The decrease in power that we observed in the alpha and beta bands is in line with previous studies (Pineda, 2005; Hari, 2006) and has been suggested to reflect sensorimotor system activity. Further, the increase in power in the theta and low alpha (4–8 Hz) band has been observed during memory tasks (Jensen and Tesche, 2002). In addition, these low frequencies have been reported to be modulated during action observation both in humans (Frenkel-Toledo et al., 2013; Pavlidou et al., 2014a,b) and monkeys (Kilner et al., 2014; Caggiano et al., 2015).

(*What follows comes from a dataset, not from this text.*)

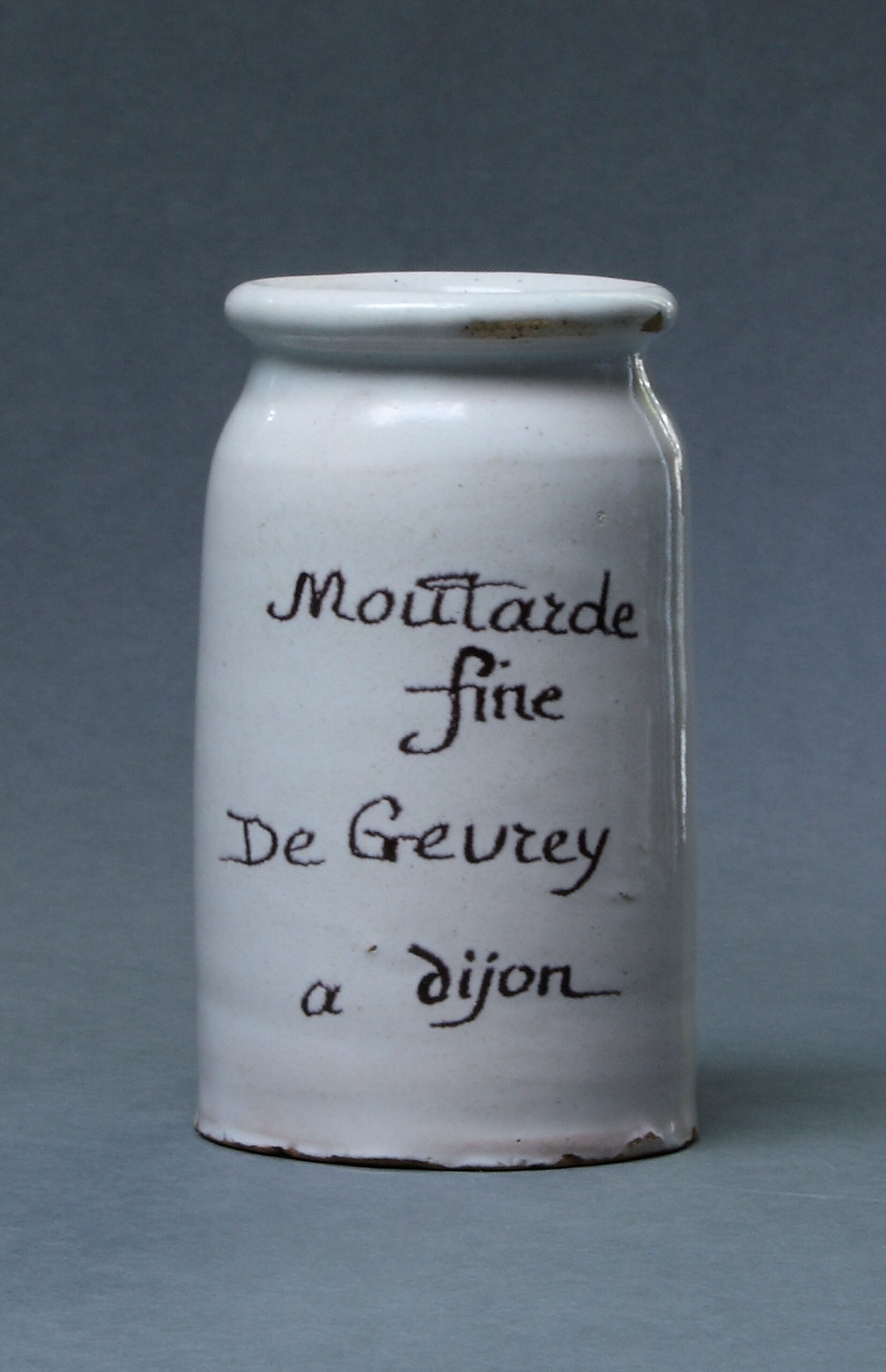 Pot à moutarde de type 1B, en faïence à décor de grand feu ; pot droit cylindrique, collerette plus ou moins tronquée. inscription au pochoir en manganèse

A direct comparison of grasping and pointing movements (collapsing over effector and reach direction; see Materials and Methods, Univariate analysis) showed a significant differential modulatory activity in beta-band (central frequency: 24 Hz) and alpha-band (central frequency: 16 Hz) power over sensorimotor sensors at a late latency only (from ∼750 to 1100 ms, and from ∼500 to 750 ms, respectively). Figure 4B illustrates this effect for the same representative significant sensor as in Figure 4A over central regions. Bluish colors indicate that the power decrease is greater for grasping than for pointing; reddish colors indicate the opposite. Figure 4, C and D, shows the topography representations of the significant sensors in two selected subsets of frequency bands and time windows that were all located over central and right-central sensors. These results show that (1) the brain processes the two actions as being different, and that (2) sensorimotor areas might be involved. The fact that grasping induces a greater decrease than pointing could be due to the higher complexity of this movement, which in turn is likely to recruit more neural sources. However, this differential activity occurs quite late (at ∼600 ms), long after the two movements were perceptually distinguishable. Thus, there must be another, earlier, process, which the univariate analysis did not reveal, that enables the brain to discriminate between the two movements.
Multivariate analysis
Figure 5A–C shows the results of the multivariate analysis at sensor level. Two types of representations are provided: (1) a time–frequency representation, to show the dynamics of all the considered frequencies at each time point in a specific subset of sensors (A); and (2) a topographical representation, to show the spatial information at specific time points and frequency bands (B and C). The inset in Figure 5A shows the two time–frequency clusters that survived the multiple-comparisons correction. The lateral plots show the averaged t values over the sensors highlighted on the two topoplots in the middle. We observed that the classifier was able to significantly (p < 0.05; corrected for multiple comparisons using a cluster-based method; maximum accuracy: 53.46%) discriminate between the two observed movements, generalizing across effector (left and right hand) and reach direction (left and right) over posterior sensors as early as 150 ms and lasting until 550 ms in the low alpha/theta range (Fig. 5A, left;). By contrast, significant discrimination over more anterior sensors was possible only within a window of 550–1200 ms (i.e., at a late stage of the video, when the hand interacts with the object; Fig. 5A, right). Figure 5, B and C, shows the topographies at different times and frequencies, selected according to the following criteria: (1) as time of interest, we selected the central point of the time windows selected based on the significant clusters that survived the significance test [i.e., 400 ms (200−600 ms) for the cluster obtained in the earlier time window, and 900 ms (600−1200 ms) for the cluster obtained in the later time window]; and (2) frequency bands were chosen based on previous studies showing a modulation of the low alpha (8–10 Hz) and high theta (6–8 Hz) bands (Frenkel-Toledo et al., 2013) and the high alpha (8–14 Hz) and beta (15–25 Hz) bands during action observation (Pineda, 2005). For each time of interest (400 and 900 ms), we selected the peak frequency within each considered frequency band (i.e., 6, 8, 10, and 18 Hz).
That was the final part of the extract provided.